The Yellow Ribbon Support Center has taken on various projects, most notably providing 90 computers with Web cams to a camp in Iraq were he was based, establishing an Internet café and computer lab in his name for soldiers to communicate with loved ones.
(snip)
"Matt is coming home," his father said Sunday. "He's completed his mission."
Mission, perhaps. But Matt Maupin's legacy of service and healing may have just begun.
Source ~ Cincinnati Enquirer
Staff Sgt. Maupin is survived by his parents, Keith and Carolyn Maupin, a brother and a sister. Funeral plans have not been finalized.

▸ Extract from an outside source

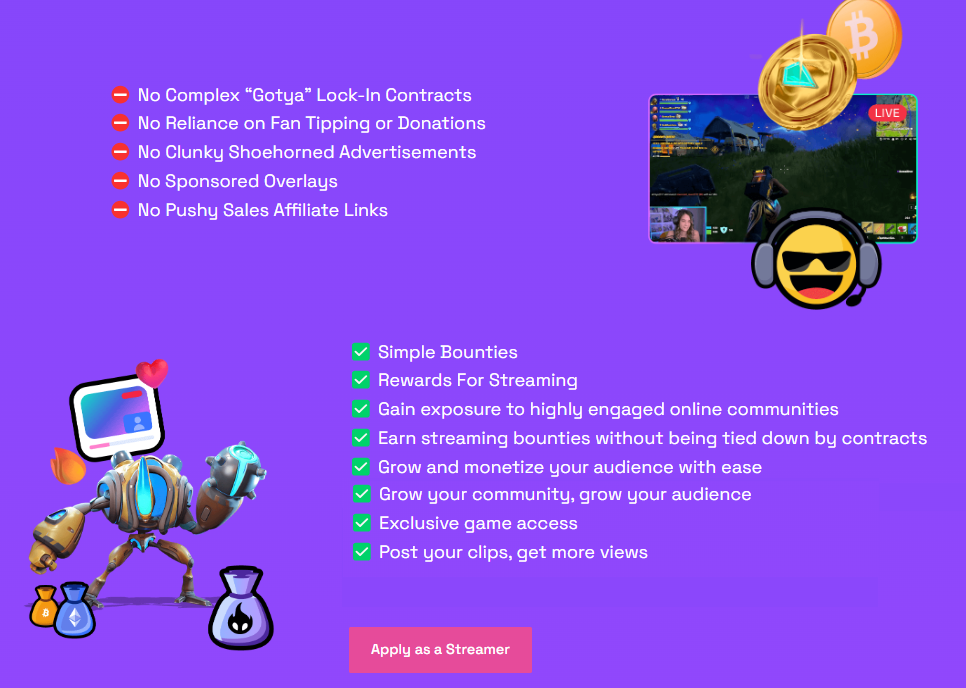 We’re talking about a system that <mark style="color:yellow;">**pays streamers to promote your game**</mark> and <mark style="color:green;">**gets users hooked**</mark> on watching, engaging, and spreading the word. 🎯

Matt Maupin's younger brother, Micah, is a Marine Corps sergeant based at Marine Corps Air Station Miramar in San Diego. The 23-year-old is due to fly to the East Coast this week to pick up his brother's remains.
Guestbook
Guestbook Dayton Daily News
Yellow Ribbon Support Center
Thank you, Staff Sgt. Maupin. Your mission is done.
________________________________________________________________________
To date, 4012 members of the United States military have lost their lives in Iraq. Of these, 102 have been women. The death toll for March was 38. More than 30,000 men and women have been wounded, and 145 have taken their own lives while on active duty. All of the fatalities can be seen here. The Department of Defense Press Releases, from which the information at the start of this diary was drawn, can be seen here. The death toll among Iraqis is unknown, but is at least 100,000. and perhaps many times that number. More than 900 Iraqi security officers were killed during March.
To date, 491 members of the United States military have lost their lives in Afghanistan. The death toll thus far for 2008 is 16. 298 members of the military from other countries have also lost their lives.
Other sites have stories, video, pictures and remembrances, including: Honor the Fallen.
If you want to do something to assist our military and their families, please visit anysoldier.com or Fisher House. If you have frequent flyer miles you would like to donate to hospitalized veterans or their families, please see Fisher House’s Hero Miles program. Finally, if you would like to assist the animal companions of our deployed military, information is available here.
Sending a care package to a soldier in Iraq or Afghanistan is easy. Read how in this great series by Ninepatch. Brighten the day of a soldier in 2008.
And don’t forget them when they get home! Read welcomebackveterans.org to learn what you can do.
I Got the News Today is a diary series intended to honor, respect and remind. Click here to see the series, which was begun by i dunno, and is currently maintained by Sandy on Signal, monkeybiz, silvercedes, MsWings, greenies, blue jersey mom, Chacounne, Wee Mama, twilight falling, labwitchy, moneysmith, joyful, roses, SisTwo, Avila, SpamNunn, a girl in MI and me, noweasels. These diaries are heartbreaking to write, but, we believe, an important service to those Americans who have died, and to our community’s respect for and remembrance of them. If you would like to volunteer, even once a month, please contact Sandy on Signal, monkeybiz, or me, noweasels.
As you read this diary, please consider that the families and friends of those profiled here also may read it and that many members of our community have served in Iraq or Afghanistan or have loved ones currently serving in Iraq and Afghanistan. As the very proud daughter of a Navy pilot, and the granddaughter of a Marine pilot and a submariner, I hope that the comments tonight will demonstrate our respect for the sacrifices of our fallen military and our compassion for their families, whatever our personal feelings about the war and occupation happen to be.